The only thing I still don't fully understand is how Prots fall under the jurisdiction of the Church. 

In the OP I argued, citing the CCC, that this is because "baptism makes us members of the Body of Christ", and that this Body is the One Holy Catholic and Apostolic Church, citing Pius XII's encyclical Mystici Corporis Christi, "it is not enough that the Body of the Church should be an unbroken unity; it must also be something definite and perceptible to the senses" and so "they err in a matter of divine truth, who imagine the Church to be invisible, intangible....by which many Christian communities, though they differ from each other in their profession of faith, are united by an invisible bond."

So everyone seems to be in agreement that a child under the age of reason who is validly baptized in a Prot church is, technically speaking, a Catholic.  But TraditionalistThomas stated: "You can't be part of the universal Church while not being in communion with it. The Church of Christ and the Catholic Church are one and the same thing. Baptism leaves an indelible mark on the soul but adherence to a heretical/schismatic creed after the age of reason severs your membership with the Church."

So how is someone baptized as an adult in a Prot church within the jurisdiction of the Church if he does not, even theoretically, become a Catholic for an instant when "Amen" is said to close the Trinitarian baptismal formula?
Reply
#42
(03-12-2013, 10:30 AM)Servus Immaculatae Wrote: So how is someone baptized as an adult in a Prot church within the jurisdiction of the Church if he does not, even theoretically, become a Catholic for an instant when "Amen" is said to close the Trinitarian baptismal formula?
Because every baptized person is subject to the authority of the Church, including those outside the Church due to formal excommunication, interdict, heresy, and so on. Their baptism is only valid because of the One True Church - the Catholic Church.

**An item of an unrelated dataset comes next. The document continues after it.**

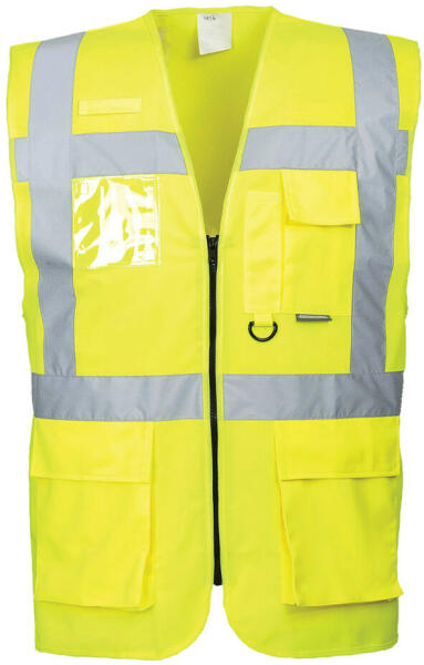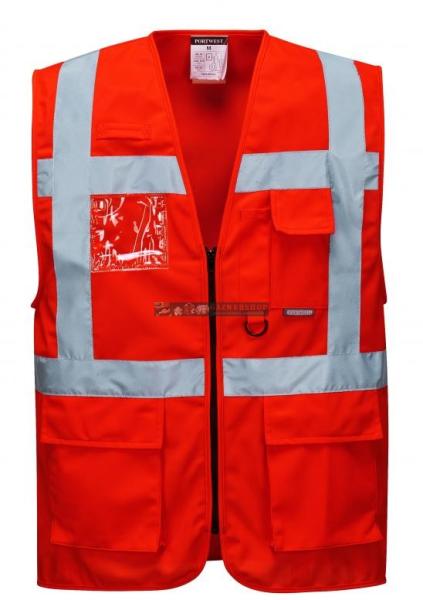 Portwest S476 Jól láthatósági vezetői mellény Forradalmi design, egyedi praktikus megoldásokkal. Könnyen hozzáférhető elülső cipzárnyílás 7 sokoldalú, praktikus tárolózsebbel Két kisebb zseb Telefon és tolltartó zseb Dupla azonosító tartó, mely lehetővé teszi álló és fekvő tájolású kártya elhelyezését Rádióhurok a rádió egyszerű rögzítéséhez D gyűrű

Thus may She have jurisdiction over him.
Reply
#43
(03-12-2013, 10:53 AM)MRose Wrote:
(03-12-2013, 10:30 AM)Servus Immaculatae Wrote: So how is someone baptized as an adult in a Prot church within the jurisdiction of the Church if he does not, even theoretically, become a Catholic for an instant when "Amen" is said to close the Trinitarian baptismal formula?
Because every baptized person is subject to the authority of the Church, including those outside the Church due to formal excommunication, interdict, heresy, and so on. Their baptism is only valid because of the One True Church - the Catholic Church. Thus may She have jurisdiction over him.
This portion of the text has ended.